Не успели закончить спор, который танк лучше, как на пороге появился повар в белом:
— Вы за борщом? Держите!
Эти ведра вроде бы больше тех. И тяжелей. Стоим и не знаем, как быть дальше. Когда-то еще вернется командир, а борщ стынет и стынет.
— Давай пойдем! Что мы, дороги не найдем?
Пошли. Ведра тяжелые, и нести их неудобно. Перегибаемся на бок, а борщ хлюпает и хлюпает. Несли, несли, устали — остановились. Поставили ведра, вытираем вспотевшие лбы.
— У тебя деньги есть?
— А что?
— Сейчас бы мороженого, хоть по порции! Ты любишь мороженое?
А кто его не любит! Глотаю голодную слюну, а Мишка соблазняет:
— Пломбир с изюмом тебе приходилось пробовать?
Я не выдерживаю, хватаю ведро и говорю решительно:
— Идем!
— Куда?
— Мороженое искать!
Нашли мороженое лишь в центре: едва добрались. Если бы не ведра, как гири, было бы легче.
Мороженщица как нас увидела, сразу догадалась, кто мы такие:
— Налетайте, солдатики, забирайте последнее!
— Видишь: последнее! — шепчет Мишка. — Хорошо, что сразу пошли, а то не хватило б.
Съели по порции, облизнулись. Посмотрели друг на друга:
— Еще по одной?
— А денег хватит?
— Хватит.
Вот так мы и проели Сергунькины деньги. Лакомились мороженым, пока языки не задубели.
Взялись было за ведра, а куда идти — не знаем. Пока мороженое ели, и дорогу забыли.
— Вам, ребятки, на станцию? — спрашивает мороженщица. — Так вы идите по этой улице. Три квартала пройдете, а потом повернете направо. А там прямо, прямо — как раз в станцию и упретесь.

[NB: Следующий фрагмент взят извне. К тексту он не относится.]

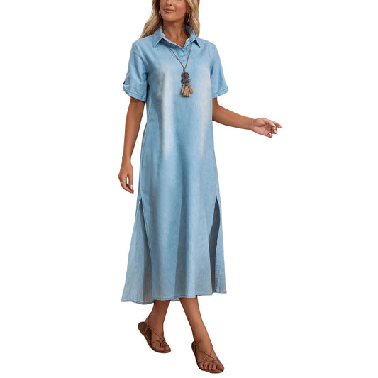 Casual Women Loose Dress Lapel Vintage Summer Side Slitting Hem Loose Long Denim Dress
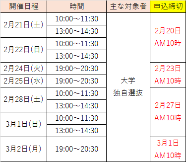 | 合格種別 | 生協の 資料発送時期(予定) |

Поблагодарили, подняли вновь ведра, пошли. Отшагали три квартала. Остановились на углу, отдохнули и снова в путь. Хотя вокзал и далековато, едва виднеется вдалеке, но ничего, дойдем, солдатам не привыкать к походам.
— Зато все наедятся, — утешаю Мишку.
Доплелись до вокзала. Руки ноют, ноги гудят. Где же эшелон?
— Эшелон? — переспрашивает дежурный. — Погодите, хлопцы, вы допризывники?
— Да, допризывники.
— Так вы, голубчики, не туда попали! Ваш эшелон на товарной, а это пассажирская…
— На то-о-варной?..
— Конечно, в пяти километрах отсюда.
Мы оба готовы разреветься. Легко сказать: пять километров! Да еще с полными ведрами, будь они неладны! Вы идите по колее, — советует дежурный. — По улицам чуть ближе, но можете с дороги сбиться…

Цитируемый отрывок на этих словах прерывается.